Over the summer, the parties engaged in extensive discussions regarding the student’s custody and physical presence in the district.  According to petitioner, she discovered, in or about May or June 2020, that the out-of-district address contained black mold.  Petitioner asserts that she thereafter relocated to an apartment within respondent’s district (the “in-district apartment”).  Petitioner also submitted a “temporary custody agreement” purporting to grant “temporary custody” of the student to his stepfather, who resides within respondent’s district.  Respondent did not accept this document as a complete transfer of custody and control.

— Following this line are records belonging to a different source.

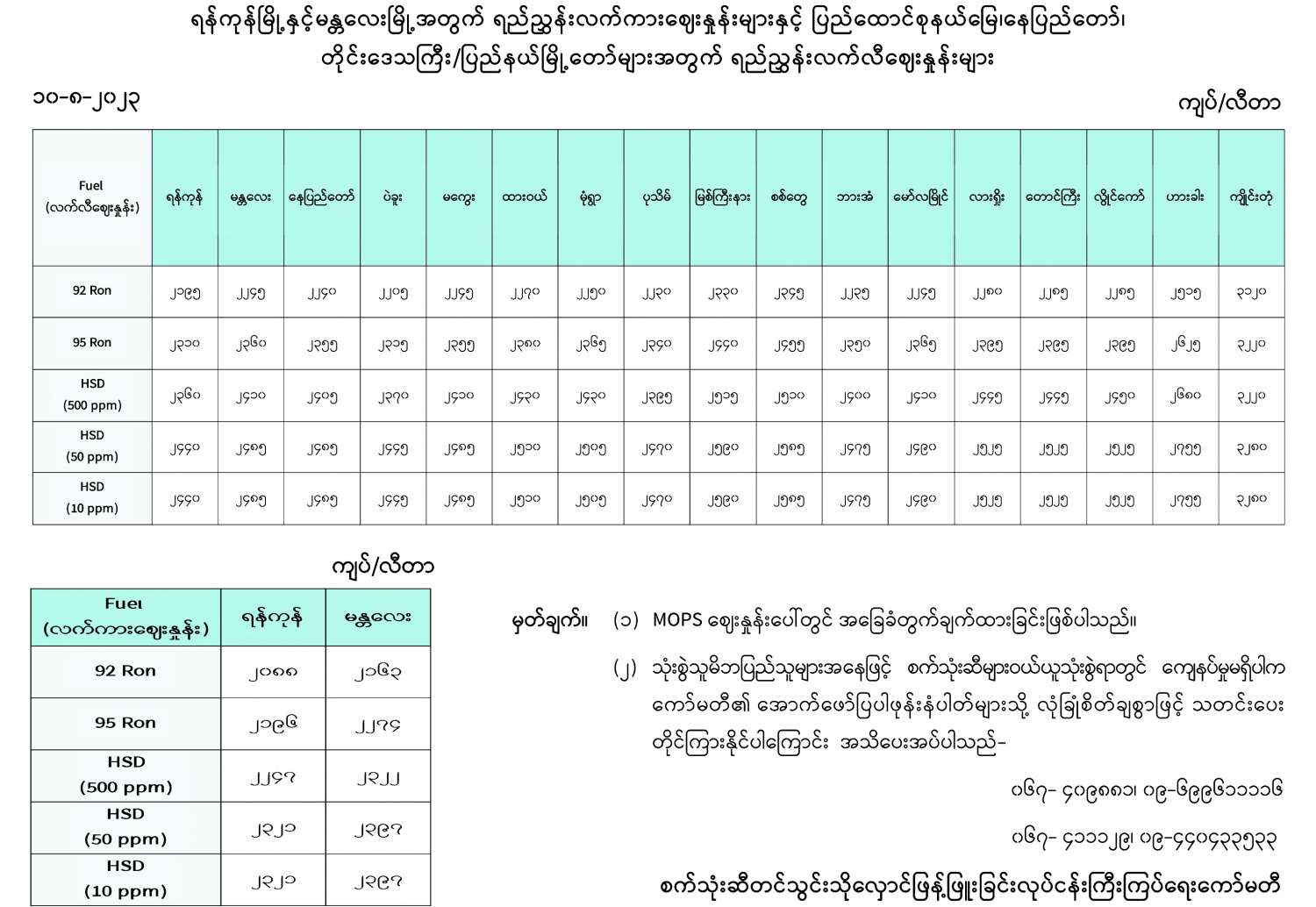 ရန်ကုန်မြို့နှင့် မန္တလေးမြို့အတွက် ရည်ညွှန်းလက်ကားဈေးနှုန်းများနှင့် ပြည်ထောင်စုနယ်မြေ နေပြည်တော်၊ တိုင်းဒေသကြီး/ပြည်နယ် မြို့တော်များအတွက် ရည်ညွှန်းလက်လီဈေးနှုန်းများ 08/10/2023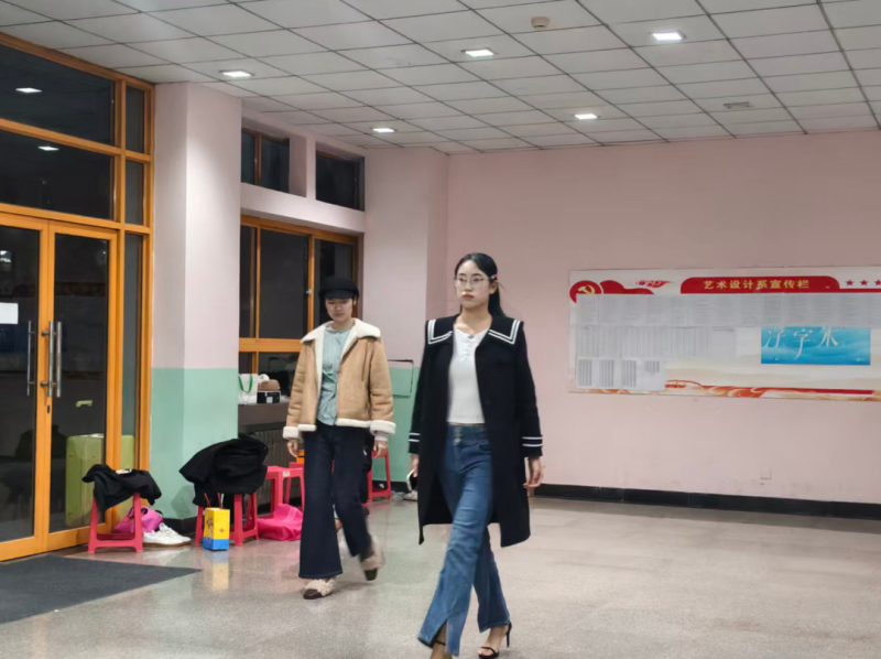 服装表演社排练区满是专注,大家跟着社团成员打磨台步,彼此眼神打气,退场后互相夸赞,默契十足。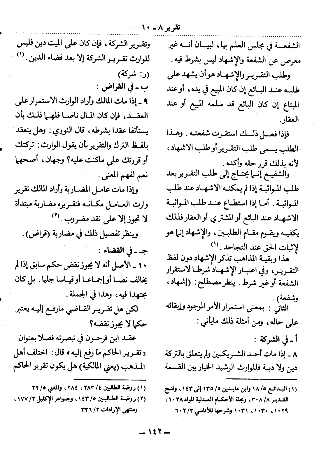 (1) البدائع 5 / 18، ابن عابدين 5 / 135 إلى 143، وفتح القدير 8 / 308، ومجلة الأحكام العدلية المواد 1028، 1029، 1030، 1031 وشرحها للأتاسي 3 / 602.
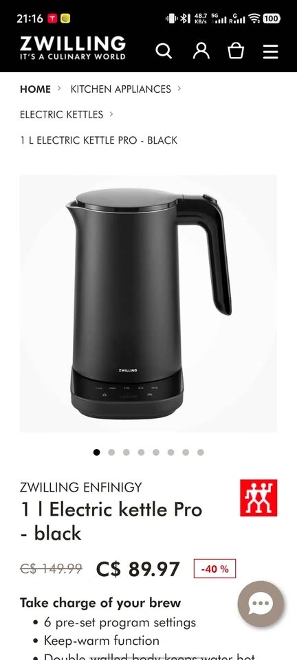Brand new, never opened Zwilling Enfinigy Electric Kettle Pro in black. This 1.0 liter kettle is 1500 watts and features a keep warm function, dual-wall body, stainless steel interior, and temperature presets. Perfect for all your hot beverage needs! Pickup is available near Highway 7 East and Kennedy Road in Richmond Hill, close to the Saigon Star restaurant plaza.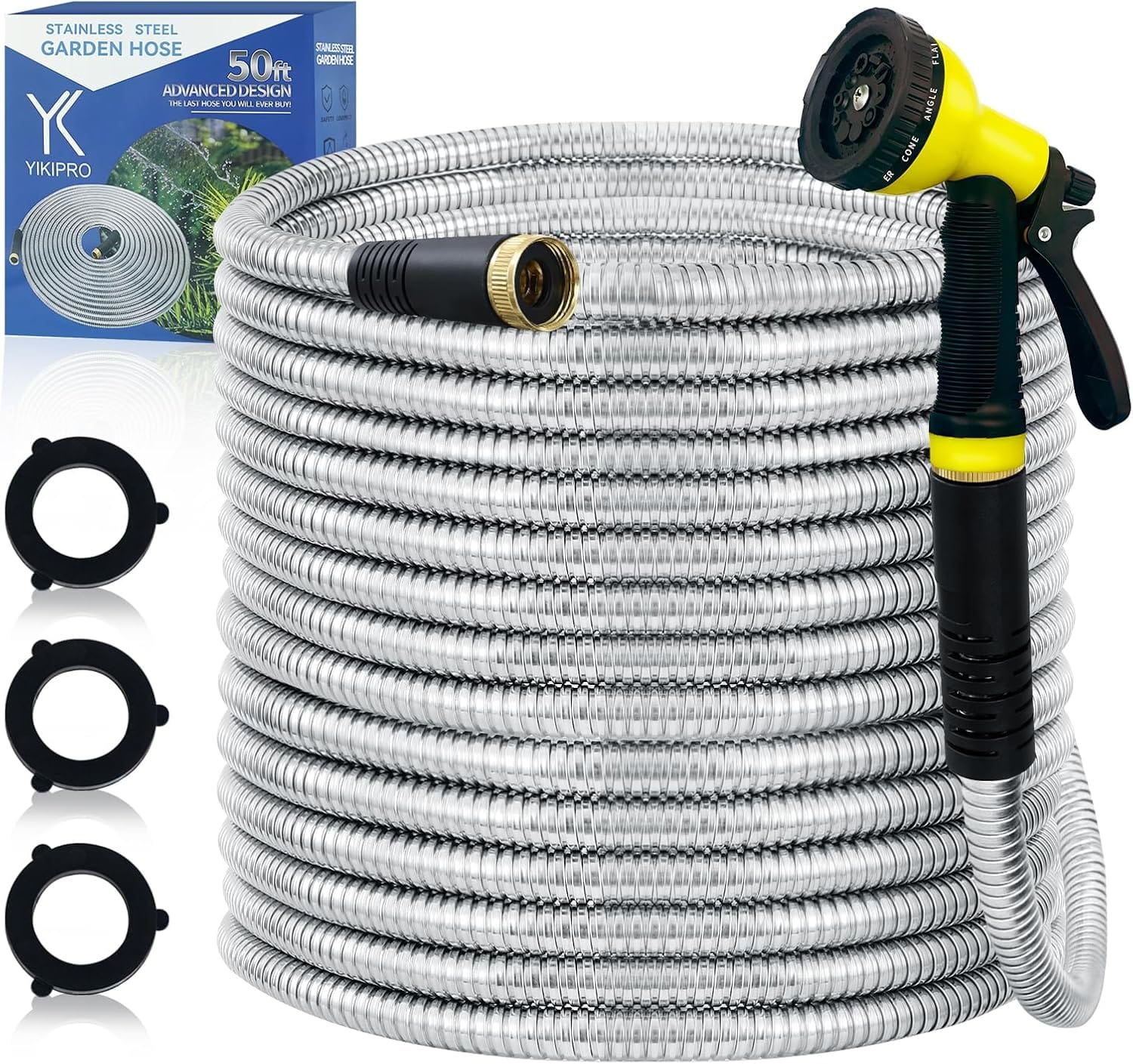 Durable & Long-Lasting: Crafted from premium stainless steel, this 50ft metal garden hose resists rust, corrosion, and punctures, for years of reliable use. Say goodbye to flimsy hoses!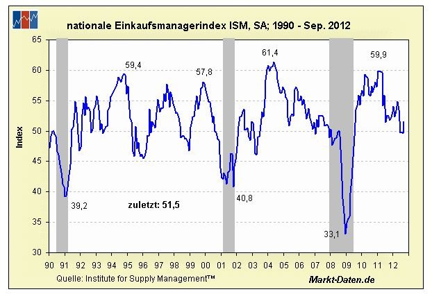 Den Anfang machte der ISM Manufacturing Index (ISM = Institute for Supply Management) am vergangenen Montag, der mit 51,5 für den September (August 49,6) ein vier-Monats-Hoch erreichen konnte. Dieser Anstieg nährt Hoffnungen, dass die schwächere Entwicklung in den Monaten Juni bis August 2012 als saisonales „Sommerloch“ zu werten ist. Als besonders positiv fielen die guten Beiträge der Sektoren „Auftragseingänge“, mit einem Anstieg von 47,1 im August auf 52,3 im September und „Beschäftigung“ mit einem Plus auf 54,7 im September nach 51,6 im August auf. Das ISM veröffentlicht diesen Index monatlich; er basiert auf der landesweiten Befragung von mehr als 400 Einkaufsmanagern, die 20 verschiedene Bereiche des verarbeitenden Gewerbes repräsentieren.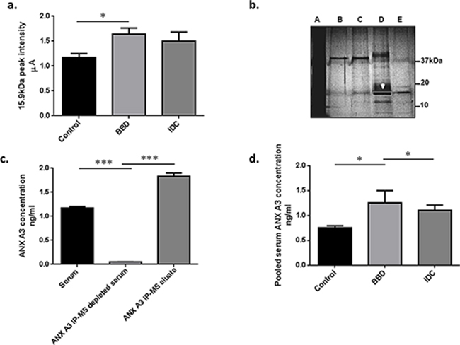 Figure 1: Bottom up proteomic analysis identified ANX A3 as a potential breast cancer marker. a. Semi-quantitative MS expression profiling analysis was performed on serum samples in two centres (UoS and SGUL). Bars represent mean peak intensity ± standard error (SE) for the 15.9 kDa putative peak marker detected by MS analysis. Significant biomarker up-regulation in the benign disease group compared to controls and non-significant higher levels as compared to cancer sera fractions were illustrated. (Mann-Whitney U test *P < 0.05) b. Unfractionated serum (A), a series of different consecutively pooled and vacuum dried FFE fractions (B–E) were run on 1D-GE (4% tricine/10% SDS/16% polyacrylamide) gel at 100 V for 4 h at room temperature to purify the candidate BBD biomarker at 15.9 kDa. This approach was used to increase the biomarker concentration and reduce sample complexity. The dominant 15.9 kDa protein band (white arrow/box) was identified by infusion FT-Orbitrap MS2 and Ion-trap LC MS2 as ANX A3. c. IP-MS verification of the 15.9 kDa marker identified as ANX A3. Antibody capture of ANX A3 was performed using monoclonal antibody (sc-134260, Santa Cruz). The antibody was linked to μMACS protein A/G columns (Miltenyi Biotec) and incubated with pooled serum fractions containing ANX A3. The bars illustrate MS profiles of ANX A3 expression in serum fraction, along depleted specimen and the enriched ANX A3 IP eluate respectively. The depletion of ANX A3 in the IP MS samples and subsequent enrichment in the eluate spectra confirmed the identity of the 15.9 kDa peak as ANX A3. d. ANX A3 levels in pooled serum fractions measured by quantitative ELISA. ANX A3 over expression in control (n = 5) compared to both benign disease (n = 4) and invasive breast cancer (n = 5) groups was illustrated in this independent validation cohort. Bars represent the mean ANX A3 levels ± standard error (SE). *P < 0.05.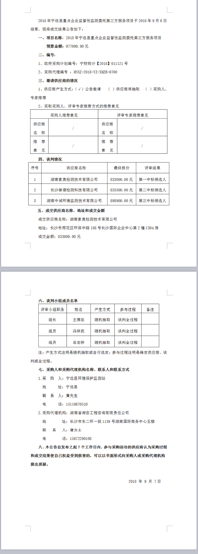 2018年寧遠(yuǎn)縣重點(diǎn)企業(yè)監(jiān)督性監(jiān)測(cè)委托第三方服務(wù)項(xiàng)目競(jìng)爭(zhēng)性談判成交結(jié)果公告

In a letter to petitioner dated October 1, 2020, respondent’s superintendent reiterated his previous determination that the student was not a district resident.  Among other reasons, the superintendent noted that the student’s sibling had enrolled in the Cazenovia Central School District, identifying the out-of-district address as her residence.  This appeal ensued.  Petitioner’s request for interim relief was denied on October 16, 2020.

The appeal must be dismissed as moot.  The Commissioner will only decide matters in actual controversy and will not render a decision on a state of facts that no longer exists due to the passage of time or a change in circumstances (Appeal of Sutton, 57 Ed Dept Rep, Decision No. 17,331; Appeal of a Student with a Disability, 48 id. 532, Decision No. 15,940; Appeal of M.M., 48 id. 527, Decision No. 15,937; see Matter of Hearst Corp. v Clyne, 50 NY2d 707, 714 [1980]).  Where the Commissioner can no longer award a petitioner meaningful relief on his or her claims, no live controversy remains and the appeal must be dismissed (Appeal of R.B., 57 Ed Dept Rep, Decision No. 17,394; Appeal of N.C., 40 id. 445, Decision No. 14,522).  In response to an inquiry from my Office of Counsel, counsel for petitioner submitted an affidavit dated July 28, 2021 indicating that the student received a high school diploma from the Cazenovia Central School District on June 26, 2021.  Consequently, the appeal is moot and must be dismissed (see Appeal of Walsberg, 57 Ed Dept Rep, Decision No. 17,332; Appeal of S.P., 56 id., Decision No. 16,951; Appeal of L.B. and T.B., 55 id., Decision No. 16,832).

In light of this disposition, I need not consider the parties’ remaining contentions.